Sign Language Translation in real time

5 min readOct 30, 2019

Over 5% of the world’s population suffers from disabling hearing loss.

The problem

A large proportion of the hearing-impaired population utilize sign language as means of communication and are unable to do so, satisfactorily, when it comes to online video communication due to lack of technological investment.

With the growing adoption of video communication and it’s application such as telehealth, people who are hearing-impaired need to have the means for proper and natural communication with their healthcare network, irrespective of whether or not the practitioner knows how to sign language.

Also..

There is no Universal Sign Language and achieving it is a near impossible task because of its incredibly dynamic nature as well as the fact that there are over 200 dialects of sign language in the world. Popular sign languages have been fortunate enough to come under the attention of some projects and have enough technological investment in it to produce results.

However, most of the not so popular sign languages have been left out and are not so fortunate. There is little to no work being done in such communities. I thought I could help.

The Solution

My aim was a towering one — develop a web application that translates the sign language in real time using the web camera by capturing the subject signing. The above mentioned goal would require:

Creating and Gathering data.
Training a model (Machine Learning) to identify the sign language.
Developing the user Interface.

Building the image data set

Machine learning is a part of AI (Artificial Intelligence) which is the procedure of teaching systems how to learn. All in all, we do this by giving computers a lot of instances of “labelled” data— for example here is a picture, and it is a canine — and educate the computer to discover likenesses regarding objects of a similar label; a procedure called “Supervised learning”.

In order to train the machine learning model to recognize a subject signing the alphabets of a sign language, we required a number of diverse images of people signing alphabets of the sign language along with which English letter each image depicted. The model would also require learning where the signing hands would be in each photo, and for that, we require bounding boxes around the hands in the photos of the data set.

Data sets for popular sign languages like ASL do exist but not for less popular ones.

Using various public online videos (from YouTube, Skillshare, etc.) of people demonstrating the sign language, we extracted every frame from every video and then manually drew bounding boxes for object localization to flag the letter in order to train the model to recognize and predict where the hands are. Since diverse input is always encouraged in machine learning, we manually captured around 700 images (currently, as of now) from 3 different subjects as well as in various different lighting conditions ranging from low — mid to bright light in order to increase accuracy during real time execution. The data set and images were processed to 640 x 480 pixel resolutions to improve the processing of the model without adversely affecting the data in a way that it degrades the accuracy in exchange for processing of the model.

Training the model

In order to classify the diverse set of alphabets we trained our Neural Network. A neural network is a progression of calculations that attempts to perceive hidden connections in a data set through a procedure that imitates the manner in which the human cerebrum works. In this sense, neural systems allude to frameworks of neurons, either natural or artificial in nature.

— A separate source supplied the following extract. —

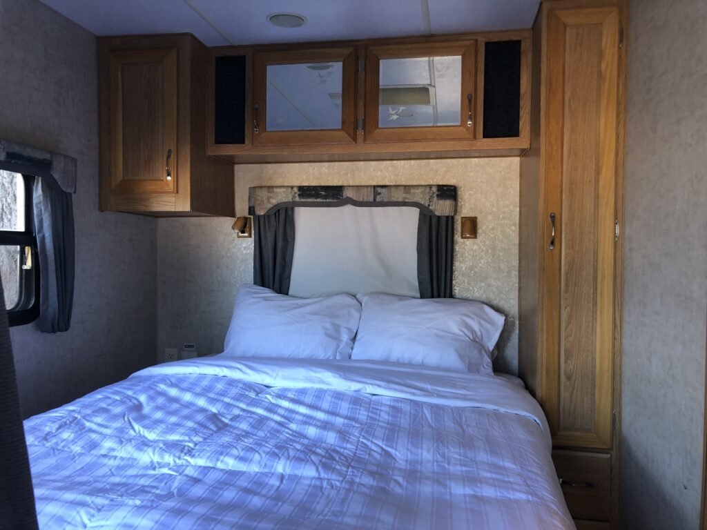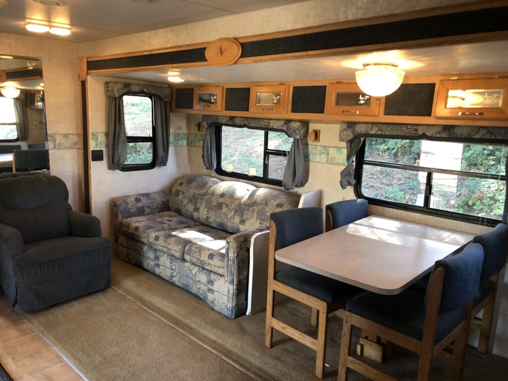 Experience the perfect fusion of comfort and adventure with our onsite RV trailer. Surrounded by nature, this spacious retreat is thoughtfully designed for relaxation. Enjoy a restful night under the stars with all the essentials for an unforgettable outdoor escape. This is NOT a luxury accommodation, but it is a refreshing step above traditional camping—offering simple, comfortable accommodations that let you enjoy the outdoors with ease.

Since convolutional neural networks have been proven to be successful at image classification, we implemented the same for our problem. We trained a convolutional neural network using Pytorch (a Python machine learning framework) for the prediction of the position of the hands (each point of the bounding box), as well as the class of the image (the letter). With the final push, we reached a model that could predict the signed letters of the alphabet with an accuracy of about 90%.

The Endgame

Our aim was to interpret sign language in real time.

There were 2 final components left to the project. A backend service that would return the predicted letter when provided with the image of the sign; and; a front-end that utilized the subject’s web cam and capture and display video while approaching the backend for predictions.

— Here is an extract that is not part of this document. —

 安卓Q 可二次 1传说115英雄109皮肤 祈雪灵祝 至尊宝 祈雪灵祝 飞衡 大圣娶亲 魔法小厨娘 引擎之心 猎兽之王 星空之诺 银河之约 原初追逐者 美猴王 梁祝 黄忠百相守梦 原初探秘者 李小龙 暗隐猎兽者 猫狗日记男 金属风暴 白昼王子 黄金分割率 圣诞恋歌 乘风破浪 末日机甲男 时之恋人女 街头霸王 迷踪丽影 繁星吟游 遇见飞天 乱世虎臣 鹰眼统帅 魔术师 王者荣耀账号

For the backend, the model was wrapped up in a Flask app (Python). The 4 points of the bounding box and the letter (class) of the image would be returned when using a POST request with the image as the payload. Now on the client side, JavaScript was used to capture the users’ web cam using getUserMedia method on the browser. An invisible canvas was utilized in order to capture a frame from the video every 200ms, then asked for a prediction and showed the results.

User Interface

Since the project’s potential users are speech, hearing and vision impaired, the User Interface of the project has been kept simple in order to be attractive and practical at the same time to the end user. In order for the User Experience to remain as optimal as possible, the GUI and UI has a simple color scheme as well as text to speech in order to better the user experience of the vision impaired users. The web app will also be seamlessly integrated with video chat to maintain the theme of ease of access and simplicity. All of the GUI will be directed towards making things simpler for the end user. The interaction of the web application will be accessible throughout all age groups.

Where to now?

With a greater dataset and all the more tweaking of our models, we accept we could create precise and dependable innovation for signing. Obviously, communication through signing includes something other than just hands and letters; it consolidates facial appearances and gestured sequences to shape full sentences. While a solution for sign language interpretation is as yet an open issue, this project showcases an ever so slight push towards improving the lifestyle of the hearing impaired.